Etoposide (VP-16-213)-induced gene alterations: potential contribution to cell death.

Abstract

We have shown previously a good correlation between etoposide-induced sister chromatid exchanges (SCE) and cytotoxicity. A semisynthetic derivative of podophyllotoxin, etoposide is also called Vepesid (Bristol; code designation VP-16-213, abbreviated VP-16). Since SCE represent DNA recombinational events, we hypothesized that VP-16-induced SCE might result in nonhomologous recombination in which segments of DNA were either deleted or added, leading to an alteration of gene sequences responsible for essential cell proteins.
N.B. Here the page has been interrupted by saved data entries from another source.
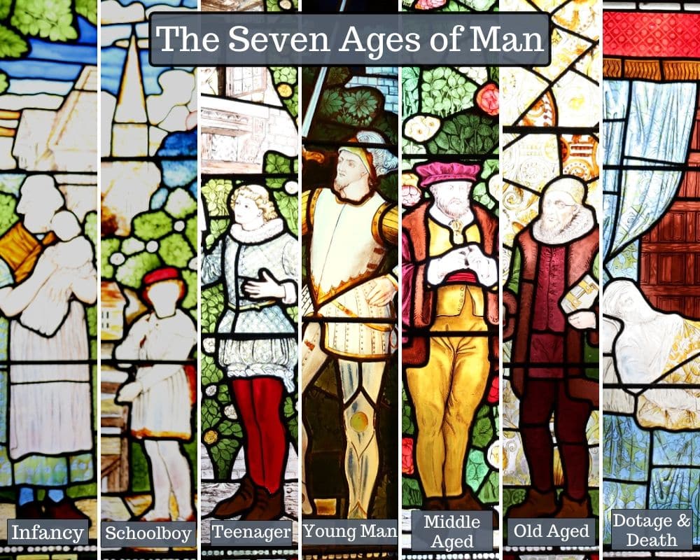 In this monologue Jaques starts by explaining that “All the world’s a stage, And all the men and women merely players”, then goes on to describe these seven stages of life that men go through in some detail: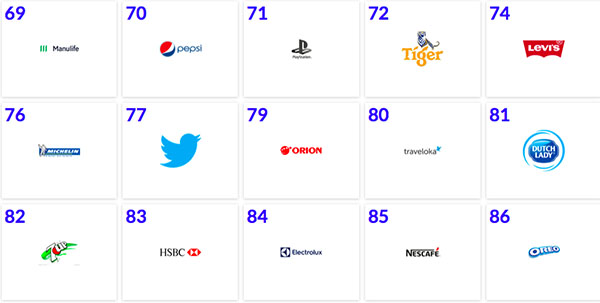 * Bảng xếp hạng dựa trên việc các công ty nghiên cứu yêu cầu người trả lời (người tiêu dùng) lựa chọn các thương hiệu hàng đầu có hoạt động tại Việt Nam, có danh tiếng tốt nhất và gây được tiếng vang lớn nhất với người Việt Nam.
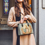 Questa squisita borsa in pelle presenta un'immagine serena della Beata Vergine Maria che si erge graziosamente su una luna crescente, circondata da delicate rose e da una morbida luce dorata. L'opera d'arte simboleggia magnificamente la purezza, l'umiltà e il ruolo di Maria come Regina del Cielo. I dettagli intricati del suo velo fluente e le morbide tonalità pastello evocano pace, grazia e amore divino, creando un pezzo significativo che irradia fede e devozione.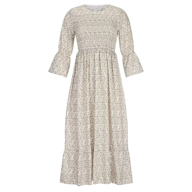 Kayannuo Short Sleeve Summer Dresses For Women 2023 Clearance Womens Dresses Fashion Women Chiffon Summer Casual Print V-Neck 3/4 Sleeve Long Dress White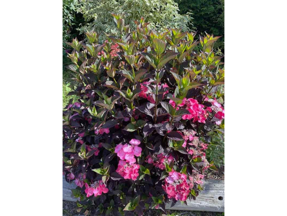 Pierwsza odmiana hortensji piłkowanej o bordowych, niemal czarnych liściach, która zachowuje taką kolorystykę przez cały sezon wegetacyjny. Została wyhodowana w 2014 roku we Francji przez Jean-Paul Davasse. Hortensja 'Daredevil' dorasta do ok. 0,5 - 0,8 m wysokości i ok. 1 - 1,2 m szerokości. Pędy sztywne, liście fioletowo-bordowe, jajowate, piłkowane. Jesienią wybarwiają się na intensywnie czerwono-bordowy kolor. W połowie czerwca pojawiają się pierwsze kwiatostany - duże i płaskie, złożone z kwiatów płodnych i płonnych, o barwie fioletowo-niebieskiej lub różowej w zależności od pH podłoża. Jeśli gleba jest kwaśna, kwiaty będą miały bardziej niebieski kolor. Jeśli odczyn podłoża zbliża się do obojętnego, kwiaty będą jasnoniebieskie, fioletowe, aż do różowego. Odpowiednie wartości pH dla niebieskich kwiatów to 4, a dla różowych 6,5. Może powtarzać kwitnienie jesienią jeśli po pierwszym kwitnieniu zetniemy przekwitnięte kwiatostany.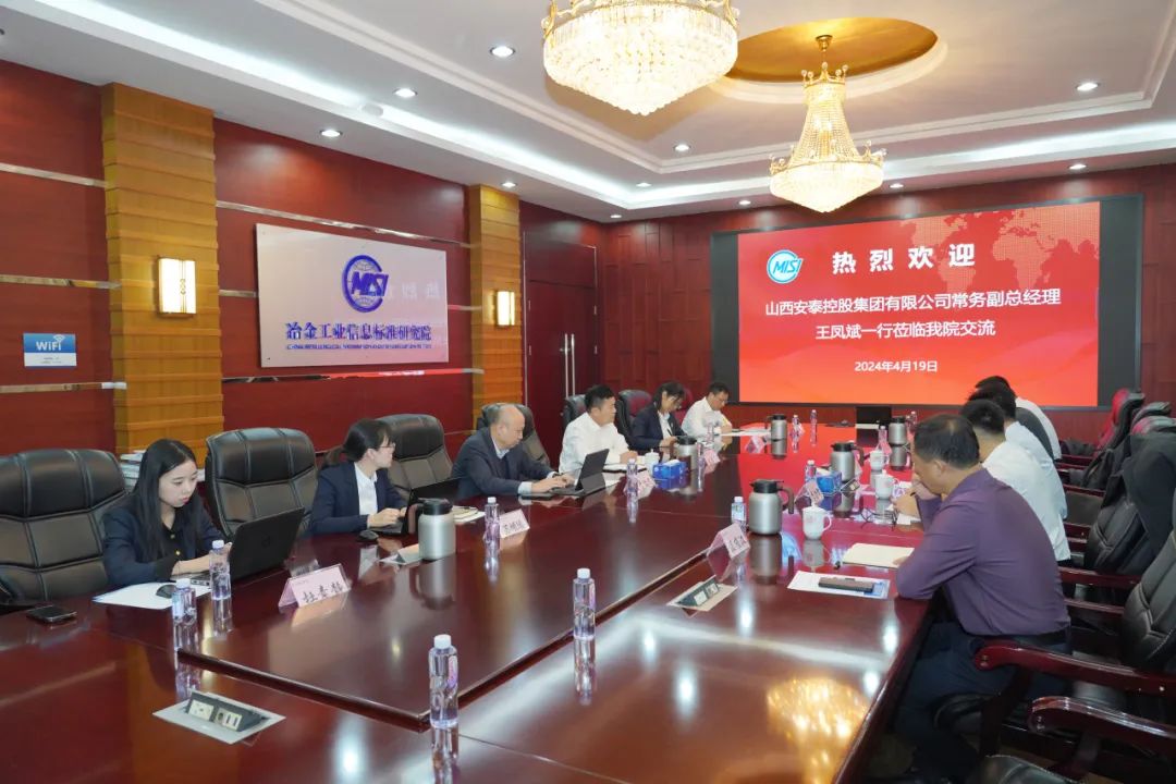 4月19日,山西安泰控股集团有限公司(以下简称:安泰控股)常务副总经理王凤斌、总裁助理兼规划发展部部长李洪铎、技术中心主任郑安民、环保与节能减排管理部部长温维汉、规划发展部副部长李博等一行莅临冶金工业信息标准研究院(以下简称:信息标准院),与党委书记、院长张龙强,相关部门负责人和专业人员,就安泰控股绿色低碳、智能高效发展等议题进行深入交流。

Alterations of such essential genes and consequent interference with formation of their products could consequently lead to cell death. To evaluate whether VP-16 treatment caused sufficient levels of DNA sequence alterations to interfere with gene product formation, we isolated hypoxanthine (guanine) phosphoribosyltransferase (HPRT)-deficient mutants from Chinese hamster V79 cells grown in the presence or absence of VP-16. DNA from 3 spontaneous mutants and 10 VP-16-induced mutants was analyzed by Southern blot hybridization to a full-length hamster HPRT cDNA probe. Most of the VP-16-induced mutants showed partial deletions and/or rearrangements of the HPRT gene. In contrast, spontaneous mutants showed negligible deletions or rearrangements. These results provide strong support for our hypothesis that deletion of genetic sequences may constitute an important component of the mechanism of VP-16-induced cell death.